▶ **PROBLEM DETAILS**:
Please print exactly the lines below, from the start of the material up to and including the line with "sutdent对象的3个变量", but none of the pictures.

--- START ---

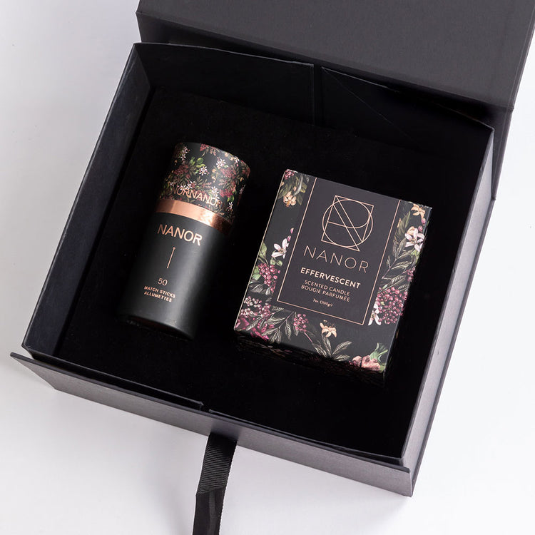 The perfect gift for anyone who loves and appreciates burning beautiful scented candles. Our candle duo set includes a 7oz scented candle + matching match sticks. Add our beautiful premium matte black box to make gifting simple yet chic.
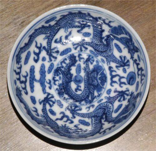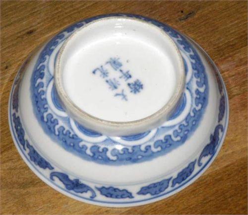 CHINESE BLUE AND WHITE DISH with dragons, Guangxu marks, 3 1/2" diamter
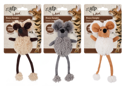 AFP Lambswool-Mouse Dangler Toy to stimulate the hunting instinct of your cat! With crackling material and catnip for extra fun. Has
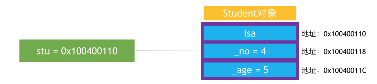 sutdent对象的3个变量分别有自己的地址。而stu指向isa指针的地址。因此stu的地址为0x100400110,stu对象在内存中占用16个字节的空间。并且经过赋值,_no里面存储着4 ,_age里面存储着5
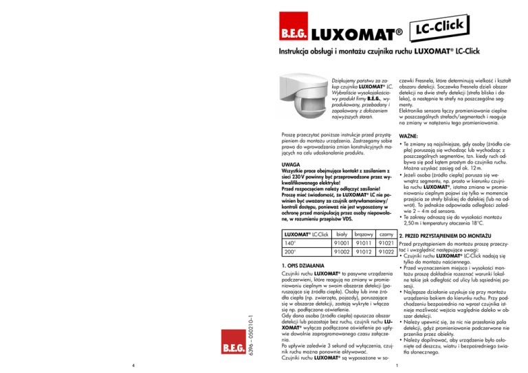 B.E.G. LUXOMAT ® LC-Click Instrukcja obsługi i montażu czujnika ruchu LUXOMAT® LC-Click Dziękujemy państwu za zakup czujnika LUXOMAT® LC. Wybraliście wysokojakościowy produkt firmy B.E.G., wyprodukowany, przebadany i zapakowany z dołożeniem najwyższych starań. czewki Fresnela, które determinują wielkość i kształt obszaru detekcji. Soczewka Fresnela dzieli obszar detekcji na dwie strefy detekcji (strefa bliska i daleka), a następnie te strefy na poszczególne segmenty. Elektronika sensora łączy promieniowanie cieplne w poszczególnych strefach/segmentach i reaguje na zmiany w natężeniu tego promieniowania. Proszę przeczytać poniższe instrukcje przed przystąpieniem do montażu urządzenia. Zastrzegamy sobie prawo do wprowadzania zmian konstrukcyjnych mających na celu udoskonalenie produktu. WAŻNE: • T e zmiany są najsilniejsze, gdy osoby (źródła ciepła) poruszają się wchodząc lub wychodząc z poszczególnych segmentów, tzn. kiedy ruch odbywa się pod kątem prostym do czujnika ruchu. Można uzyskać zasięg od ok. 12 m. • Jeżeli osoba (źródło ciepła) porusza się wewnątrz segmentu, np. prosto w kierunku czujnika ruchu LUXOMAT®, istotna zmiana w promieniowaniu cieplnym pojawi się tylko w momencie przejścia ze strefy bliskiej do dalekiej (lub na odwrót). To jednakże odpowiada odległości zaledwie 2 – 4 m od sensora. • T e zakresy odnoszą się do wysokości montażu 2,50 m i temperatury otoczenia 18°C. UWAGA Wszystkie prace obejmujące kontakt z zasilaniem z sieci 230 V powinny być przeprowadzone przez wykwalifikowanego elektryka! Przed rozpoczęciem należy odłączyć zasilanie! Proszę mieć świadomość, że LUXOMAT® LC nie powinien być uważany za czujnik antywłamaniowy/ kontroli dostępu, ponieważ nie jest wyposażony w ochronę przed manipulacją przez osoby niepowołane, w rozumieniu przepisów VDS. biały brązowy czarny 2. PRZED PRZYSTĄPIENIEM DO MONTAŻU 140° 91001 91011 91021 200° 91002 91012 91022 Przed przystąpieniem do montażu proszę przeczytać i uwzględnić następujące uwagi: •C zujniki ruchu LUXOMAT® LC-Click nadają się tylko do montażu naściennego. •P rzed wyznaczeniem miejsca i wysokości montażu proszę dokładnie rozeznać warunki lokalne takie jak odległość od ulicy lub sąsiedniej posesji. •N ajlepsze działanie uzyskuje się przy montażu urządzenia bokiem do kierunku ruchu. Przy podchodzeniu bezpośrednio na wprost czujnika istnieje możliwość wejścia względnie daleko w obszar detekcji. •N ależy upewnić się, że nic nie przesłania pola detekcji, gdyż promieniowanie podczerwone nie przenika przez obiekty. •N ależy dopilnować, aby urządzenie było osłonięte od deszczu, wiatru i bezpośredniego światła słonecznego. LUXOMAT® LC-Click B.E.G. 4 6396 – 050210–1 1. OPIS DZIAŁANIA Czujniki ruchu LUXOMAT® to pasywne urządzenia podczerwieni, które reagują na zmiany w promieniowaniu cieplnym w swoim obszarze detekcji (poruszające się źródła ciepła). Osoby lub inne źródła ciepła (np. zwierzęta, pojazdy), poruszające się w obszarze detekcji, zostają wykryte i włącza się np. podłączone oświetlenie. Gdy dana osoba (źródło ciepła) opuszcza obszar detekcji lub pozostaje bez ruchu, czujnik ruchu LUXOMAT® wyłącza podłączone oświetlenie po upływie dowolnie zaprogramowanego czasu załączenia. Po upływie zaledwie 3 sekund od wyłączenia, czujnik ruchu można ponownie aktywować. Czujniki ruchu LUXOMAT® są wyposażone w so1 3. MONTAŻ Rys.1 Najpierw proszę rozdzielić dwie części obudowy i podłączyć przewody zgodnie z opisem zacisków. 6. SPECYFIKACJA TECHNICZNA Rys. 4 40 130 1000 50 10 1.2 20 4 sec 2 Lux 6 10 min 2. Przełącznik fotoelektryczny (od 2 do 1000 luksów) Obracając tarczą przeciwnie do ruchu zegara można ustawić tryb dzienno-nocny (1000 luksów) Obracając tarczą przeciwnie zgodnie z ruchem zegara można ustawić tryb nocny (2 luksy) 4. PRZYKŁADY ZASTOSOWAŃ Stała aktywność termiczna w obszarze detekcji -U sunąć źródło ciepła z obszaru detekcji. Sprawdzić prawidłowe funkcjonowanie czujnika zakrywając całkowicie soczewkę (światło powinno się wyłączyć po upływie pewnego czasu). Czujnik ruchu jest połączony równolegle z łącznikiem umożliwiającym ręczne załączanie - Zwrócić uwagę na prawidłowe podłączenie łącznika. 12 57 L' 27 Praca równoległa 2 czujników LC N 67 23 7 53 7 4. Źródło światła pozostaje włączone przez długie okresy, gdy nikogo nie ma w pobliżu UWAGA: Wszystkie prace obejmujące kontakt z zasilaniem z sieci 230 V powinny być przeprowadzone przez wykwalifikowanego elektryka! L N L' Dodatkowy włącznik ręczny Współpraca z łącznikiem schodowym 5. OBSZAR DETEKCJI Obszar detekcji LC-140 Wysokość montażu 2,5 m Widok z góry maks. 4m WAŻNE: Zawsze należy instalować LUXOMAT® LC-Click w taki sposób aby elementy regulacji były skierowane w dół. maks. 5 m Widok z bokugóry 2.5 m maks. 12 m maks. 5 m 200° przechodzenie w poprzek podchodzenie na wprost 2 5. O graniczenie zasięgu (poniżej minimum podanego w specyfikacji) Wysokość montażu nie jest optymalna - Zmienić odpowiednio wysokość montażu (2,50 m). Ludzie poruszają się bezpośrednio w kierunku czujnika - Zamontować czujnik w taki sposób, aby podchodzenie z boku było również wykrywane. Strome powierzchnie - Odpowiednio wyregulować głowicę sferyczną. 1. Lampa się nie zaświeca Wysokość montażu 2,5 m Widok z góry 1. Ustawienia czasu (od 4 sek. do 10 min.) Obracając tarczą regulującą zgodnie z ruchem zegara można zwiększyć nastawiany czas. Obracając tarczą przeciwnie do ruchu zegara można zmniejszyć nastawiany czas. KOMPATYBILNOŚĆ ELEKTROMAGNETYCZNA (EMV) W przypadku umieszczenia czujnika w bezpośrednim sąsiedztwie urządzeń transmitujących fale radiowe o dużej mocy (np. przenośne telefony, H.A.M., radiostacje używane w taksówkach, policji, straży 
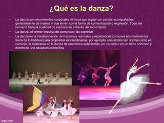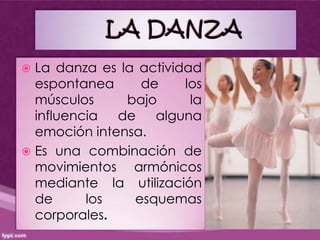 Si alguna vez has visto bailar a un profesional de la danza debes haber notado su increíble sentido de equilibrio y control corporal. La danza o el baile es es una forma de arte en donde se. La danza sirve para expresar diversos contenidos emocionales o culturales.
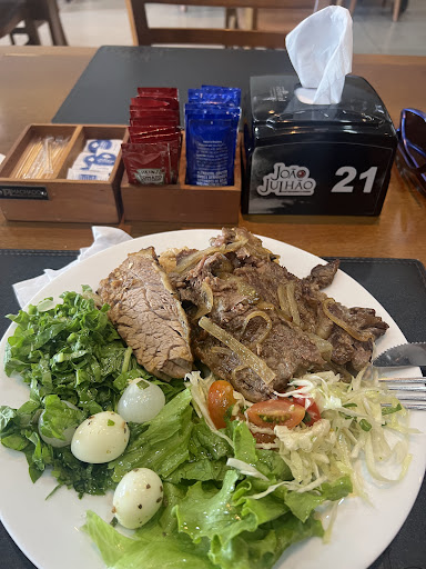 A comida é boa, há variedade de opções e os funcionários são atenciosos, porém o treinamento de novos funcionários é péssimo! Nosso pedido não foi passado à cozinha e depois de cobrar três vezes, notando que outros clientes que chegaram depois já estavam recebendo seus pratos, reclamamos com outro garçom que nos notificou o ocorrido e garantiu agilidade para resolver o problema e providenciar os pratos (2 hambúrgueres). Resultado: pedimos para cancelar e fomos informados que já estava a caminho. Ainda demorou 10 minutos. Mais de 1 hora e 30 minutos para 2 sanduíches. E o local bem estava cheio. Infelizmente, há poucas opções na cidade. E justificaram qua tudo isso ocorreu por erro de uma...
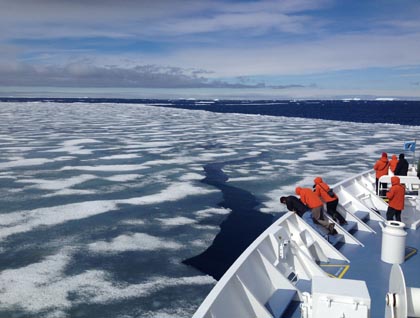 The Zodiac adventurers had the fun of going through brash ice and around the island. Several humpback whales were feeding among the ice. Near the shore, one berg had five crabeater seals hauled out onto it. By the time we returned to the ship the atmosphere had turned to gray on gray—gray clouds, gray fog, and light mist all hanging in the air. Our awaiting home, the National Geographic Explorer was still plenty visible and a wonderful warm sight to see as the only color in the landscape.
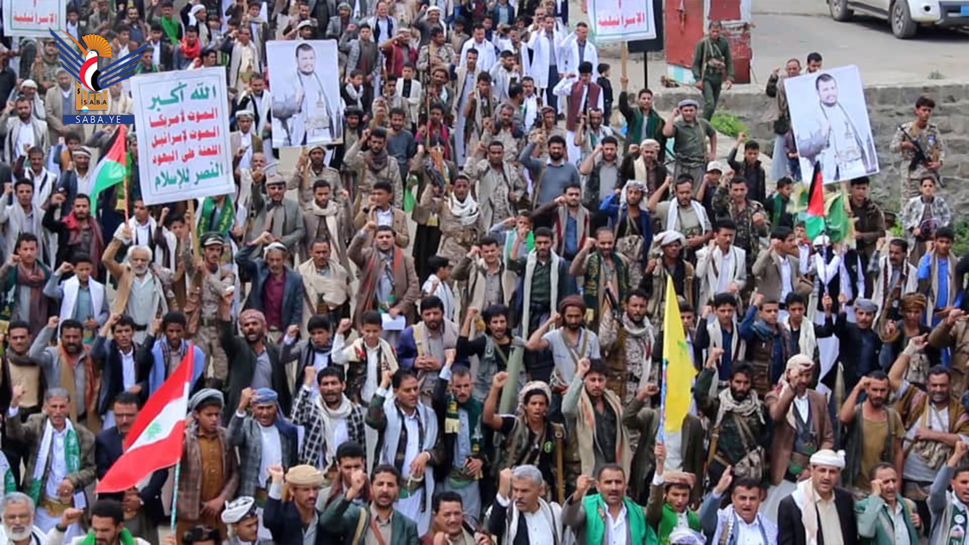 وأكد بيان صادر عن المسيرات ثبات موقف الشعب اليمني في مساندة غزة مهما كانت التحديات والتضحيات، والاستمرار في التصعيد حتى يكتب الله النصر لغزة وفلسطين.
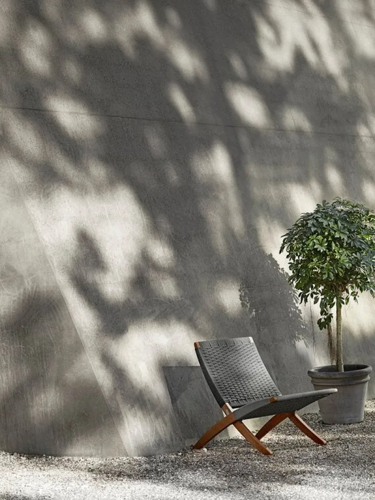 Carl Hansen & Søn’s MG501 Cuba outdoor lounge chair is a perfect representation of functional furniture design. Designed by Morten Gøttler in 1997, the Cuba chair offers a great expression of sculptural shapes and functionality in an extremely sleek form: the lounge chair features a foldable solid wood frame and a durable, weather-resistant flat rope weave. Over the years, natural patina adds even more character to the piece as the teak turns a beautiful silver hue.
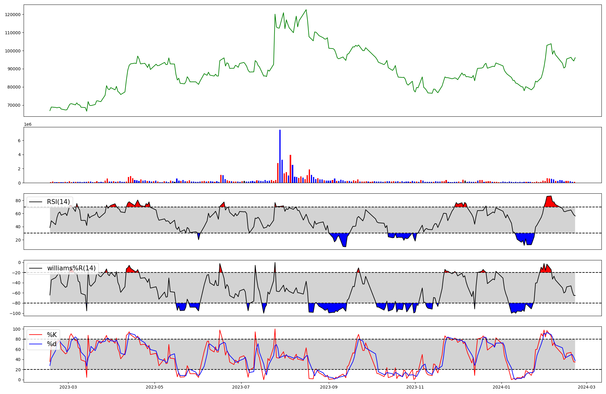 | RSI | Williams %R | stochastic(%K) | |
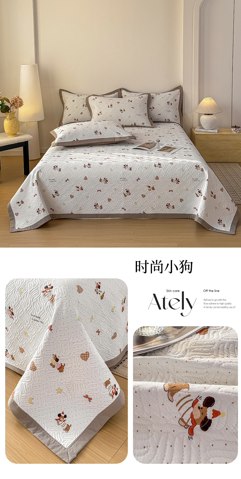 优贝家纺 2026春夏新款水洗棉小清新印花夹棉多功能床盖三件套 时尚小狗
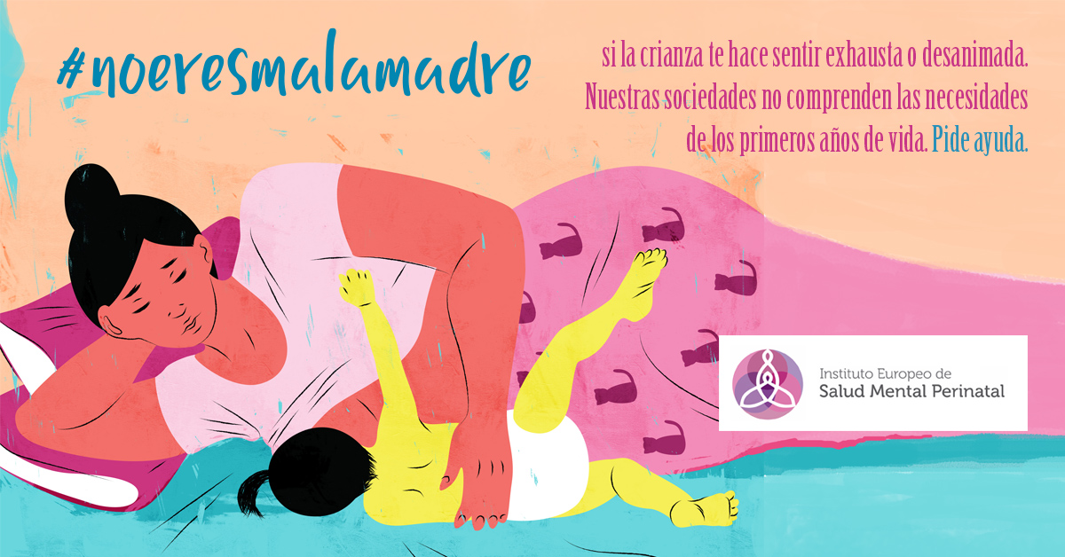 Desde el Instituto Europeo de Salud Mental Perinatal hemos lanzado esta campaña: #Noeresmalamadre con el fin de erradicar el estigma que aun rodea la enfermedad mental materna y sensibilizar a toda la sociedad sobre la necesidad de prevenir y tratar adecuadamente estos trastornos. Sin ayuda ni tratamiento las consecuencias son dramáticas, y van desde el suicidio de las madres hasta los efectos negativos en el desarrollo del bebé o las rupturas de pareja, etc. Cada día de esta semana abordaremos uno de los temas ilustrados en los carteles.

--- END ---

▶ **EXPECTED ANSWER**:
 The perfect gift for anyone who loves and appreciates burning beautiful scented candles. Our candle duo set includes a 7oz scented candle + matching match sticks. Add our beautiful premium matte black box to make gifting simple yet chic.
 CHINESE BLUE AND WHITE DISH with dragons, Guangxu marks, 3 1/2" diamter
 AFP Lambswool-Mouse Dangler Toy to stimulate the hunting instinct of your cat! With crackling material and catnip for extra fun. Has
 sutdent对象的3个变量分别有自己的地址。而stu指向isa指针的地址。因此stu的地址为0x100400110,stu对象在内存中占用16个字节的空间。并且经过赋值,_no里面存储着4 ,_age里面存储着5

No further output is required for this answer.